Question: How does a large software project get to be one year late?
Answer: One day at a time.

Small slippages here and there add up, and if left unchecked, they add up a lot.

But this is a weight loss blog, not a programming blog, so:

Question: How does a large guy get to be one hundred pounds overweight?
Answer: One ounce at a time.

I weighed 140 pounds at one point of my adult life, in my first year of graduate school. Through the next few years I put on some weight, had an operation to fix the effects of Crohn's disease, and subsequently went up to about 180 pounds. I worked off 30 pounds of that over the next year or so just doing a lot of cardiovascular workouts. Then I started writing my thesis and that took precedence. Then I moved to my current location. Then I got married. A year after I was married I was 210. Five years after that I'd crept up to 240. That's up 100 pounds.
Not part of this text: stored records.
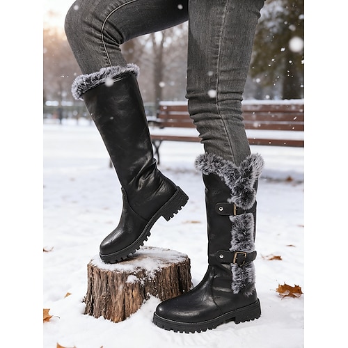 Burgunderrote, kniehohe Winterstiefel für Damen mit schwarzem Kunstpelzbesatz – lässige, lange Reitstiefel für Weihnachten, Schneetage und festliche Outfits
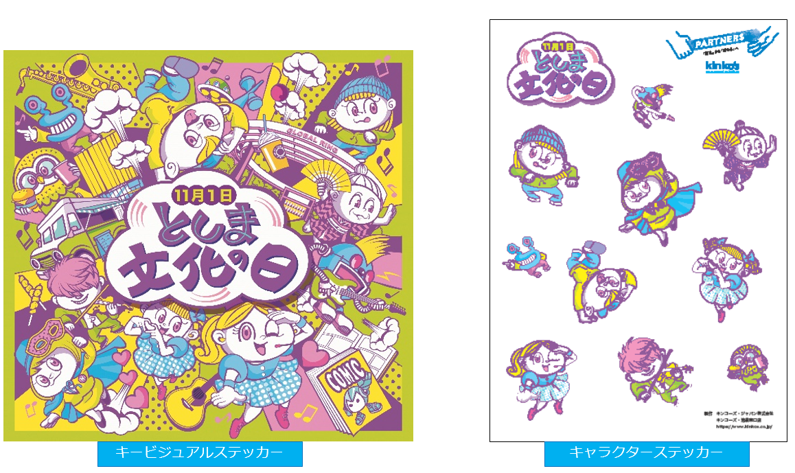 豊島区では、11月1日「としま文化の日」に合わせて、2023年11月1日(水)~11月7日(火)の推進期間にさまざまなイベントが開催されます。ストリートカルチャー、アーバンスポーツ、マンガ・アニメ・コスプレ、音楽など子どもから大人まで誰もが楽しめるイベントが盛りだくさん! 当社は、キービジュアルステッカーとキャラクターステッカーを提供します。(画像)
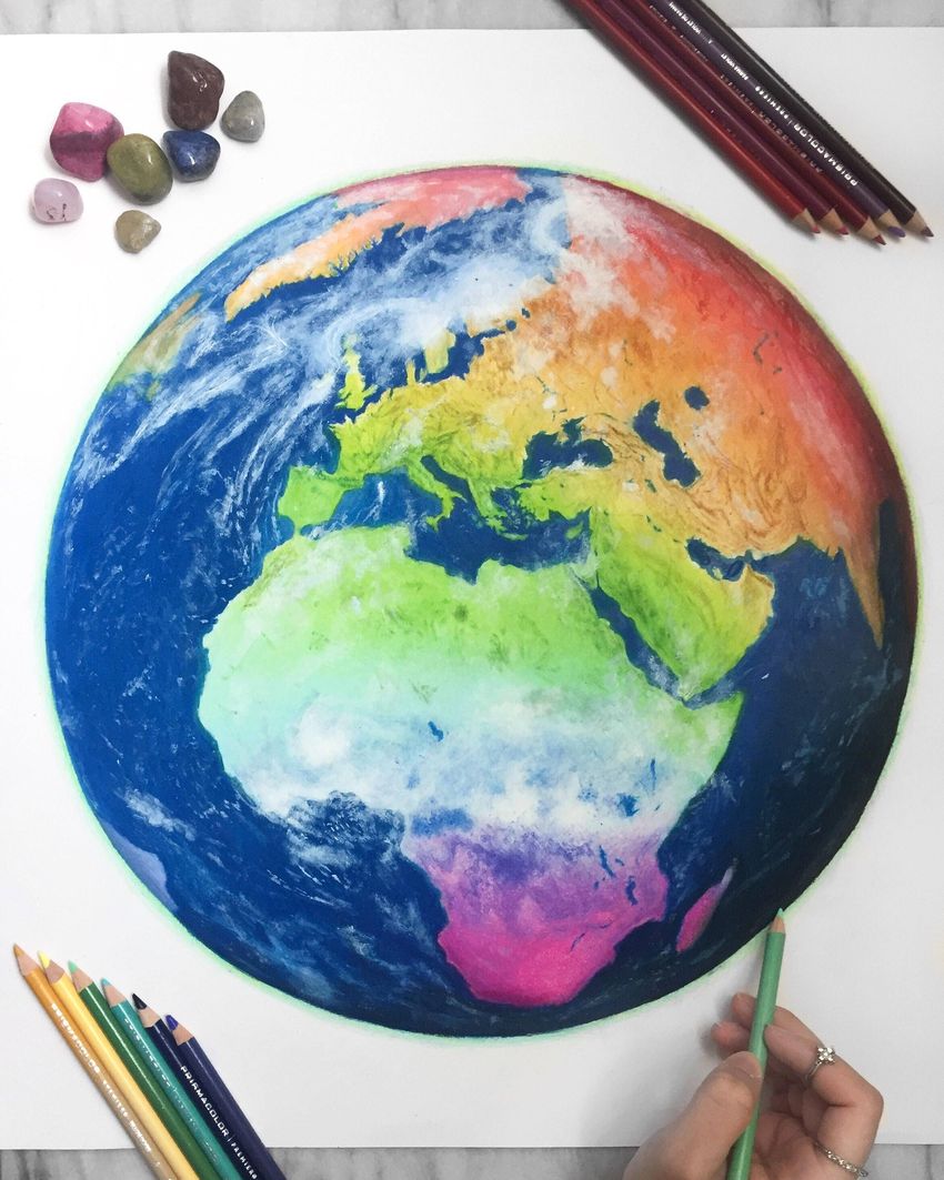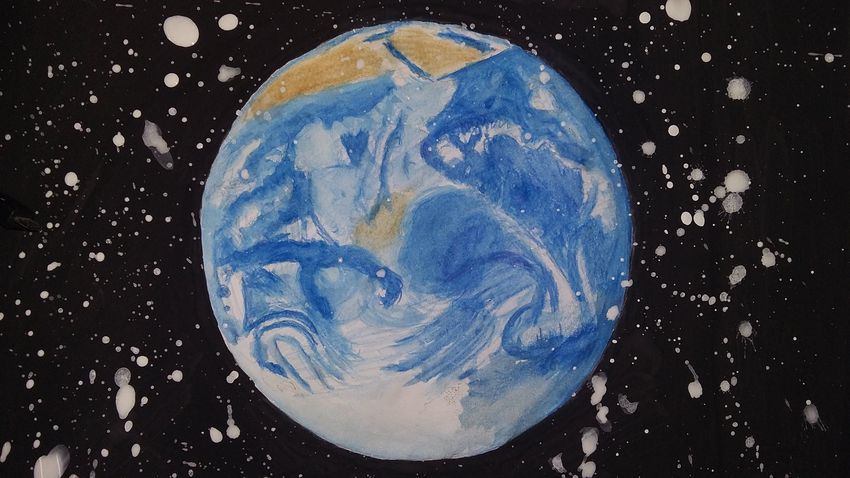 Рисунок Планета Земля красками — это праздник цвета и креатива. Яркие оттенки синего и зеленого, отражающие водные просторы и суши, создают величественную картину. Каждый мазок красок оживляет земной шар, принося в реальность восхитительные контрасты и переливы, которые делают этот рисунок уникальным и невероятно привлекательным.
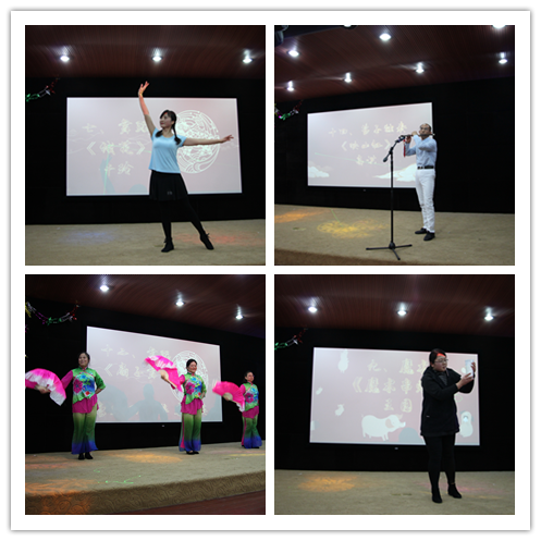 精彩的笛子独奏《紫竹调》拉开了联欢会文艺表演的序幕。老师们各显其能,大展才艺,节目内容丰富多彩。有歌曲演唱《千千厥歌》、《我爱你中国》、《祈祷》和《隐形的翅膀》、也有诗词朗诵《我愿意是激流》、杂技表演《花样毽子》和精彩的魔术表演。舞蹈《绒花》《扇子舞》展现了女教师们曼妙的身姿,将现场气氛推向高潮。互动游戏更是让大家兴致高涨、嗨翻全场。精彩的节目演出在悠扬的笛子独奏《映山红》中结束。
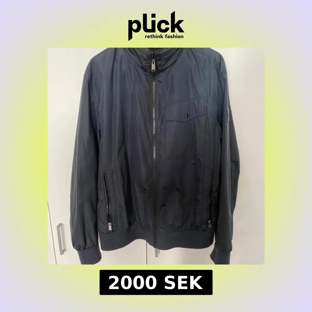 Säljer en mörkblå vindjacka från Hugo Boss med dragkedja framtill, två sidofickor med dragkedja och en bröstficka med knapp. Jackan har ribbade muddar och diskret BOSS-logga på bröstet. Perfekt för blåsiga dagar.
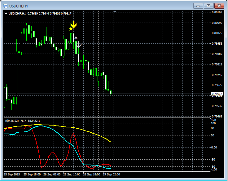 質実剛健FX mBDSR(RCI2本フィルター)のサインとR1R2S2のサインの両方を活用する(56) ドルスイス 1時間足
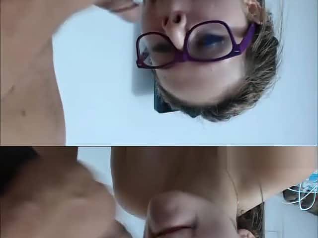 Sexy nerd Miss-Alise SLOPPY BLOWJOB CUM on glasses

One pound is 3,500 Calories. One pound is sixteen ounces, so one ounce is 219 Calories.

Each day that I consumed a can of soda, a beer, or a candy bar more than I burned off, I put on an ounce. One day doing this, and one day exercising a little harder or one day pushing that soda away, evens out. But when those offsetting days aren't there, that's when the weight creep shows up, one ounce at a time, and it adds up.

I gained this weight one ounce at a time. I have to take it off one ounce at a time, too.